Harmony Holiday's Open Letter to Critics of Amiri Baraka

Originally Published: February 02, 2016

Tiny shards of text material from the latest issue of the Chicago Review (59:03) are being published online; and standing out among them at the moment is this open letter from Harmony Holiday, "On Amiri Baraka." An excerpt follows, starting from the top.

Dear Bosses and Tastemakers commenting with kid gloves on Amiri Baraka’s SOS: Poems 1961–2013:

The recent, posthumous collection of Amiri Baraka’s ruthlessly beautiful and piercing and visceral poetry, edited by Paul Vangelisti and published last year by Grove Press, opens with an air of urgently festive exclusivity: the title track above beseeches union, revival meeting, impromptu festival—a true point of entry into the nature and texture of Baraka’s work, his life, and his legacy. Dwight Garner’s January 2015 review of the work fails to take into account the intensity of Baraka’s commitment to this love call. Baraka’s intentions, as a writer and as a man, are clear and unflinching: his first fidelity is to those whom he considers his people, including all people—especially but not only black people—beleaguered by the incessant struggle for equality against the obstacles that race and/or class jut out in front of them. He was loyal to this purpose even at the expense of his own ego. The consequence, from mainstream critics like Garner and establishment papers like the Times, is the tacit effort to undermine his work and message by way of too much hype and emphasis on his politics. The myopic focus here is always on statements Baraka made or ideas he championed or deployed as bait, particularly when he was a young man, without recognizing their origin in his frustration with the failure of the American promise, or their role in his active search for the equilibrium and the wisdom of experience to assuage that frustration. To honor the work presented throughout SOS is to review it with as much candor as Baraka himself had, and to remain as mercilessly eye-to-eye as he was, in the precarious and self-effacing stance he needed to enter to create the work, to be as generous as he was in that way.

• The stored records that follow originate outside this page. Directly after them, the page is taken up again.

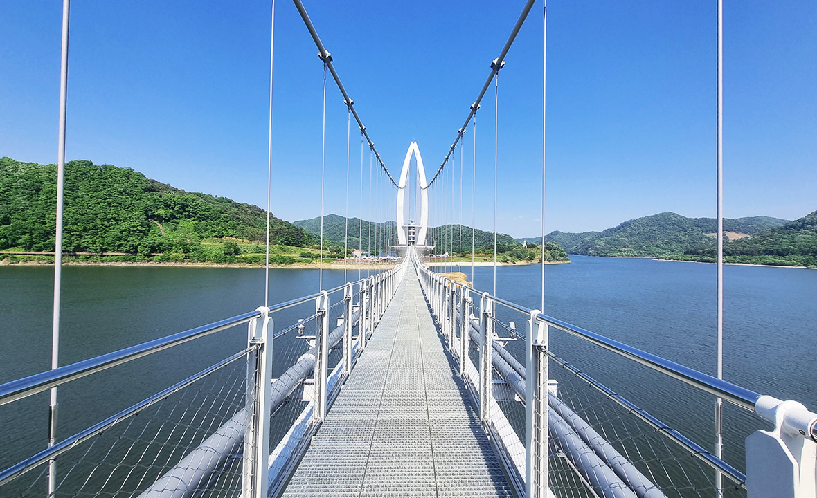 - 2023년 정식 개통된 붕어섬 출렁다리는 길이 420m에 폭 1.5m의 아찔한 구조로,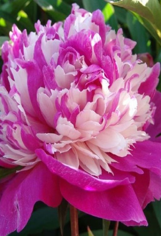 Пион Селебрити — травянистое растение с прочными стеблями и мощными мясистыми корнями, достигает высоты 95–100 см. Листья крупные, очередные, трижды тройчатые, темно зеленые, блестящие. Цветки махровые, малиновые с белыми вкраплениями, слегка душистые, диаметром до 18 см. Цветет в июне — июле.
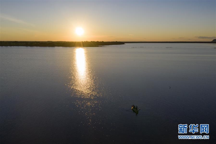 7月24日,漁民在大力加湖中捕魚(無人機(jī)照片)。大力加湖面積28.5平方公里,兩岸地勢(shì)低平,多濕地、草原,湖內(nèi)水產(chǎn)豐富。新華社記者謝劍飛攝。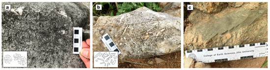 Interpretation: This type exhibits a macroscopic morphology resembling “fish scales.” The ridges are notably protruding on the weathering surface, are relatively narrow, measuring approximately 0.2~0.5 cm in width (Figure 3h). The enclosed matrix consists of bioclastic micritic limestone, forming shapes transitioning from hexagonal to elliptical. These units are relatively uniform in size, occur in clusters, and display a distinct preferred orientation.

SOS is the collection of poems I wish I had encountered on a syllabus as an undergraduate at Berkeley, where instead I was asked to read the most polite black poets in the canon, or even in high school, when I scoured the canon for any semblance of a black-and-tan fantasy I could identify with. As Baraka knew too well, academic institutions are still often devoid of truly vanguard or rebellious black voices: or when they include them, they do so in murmur only.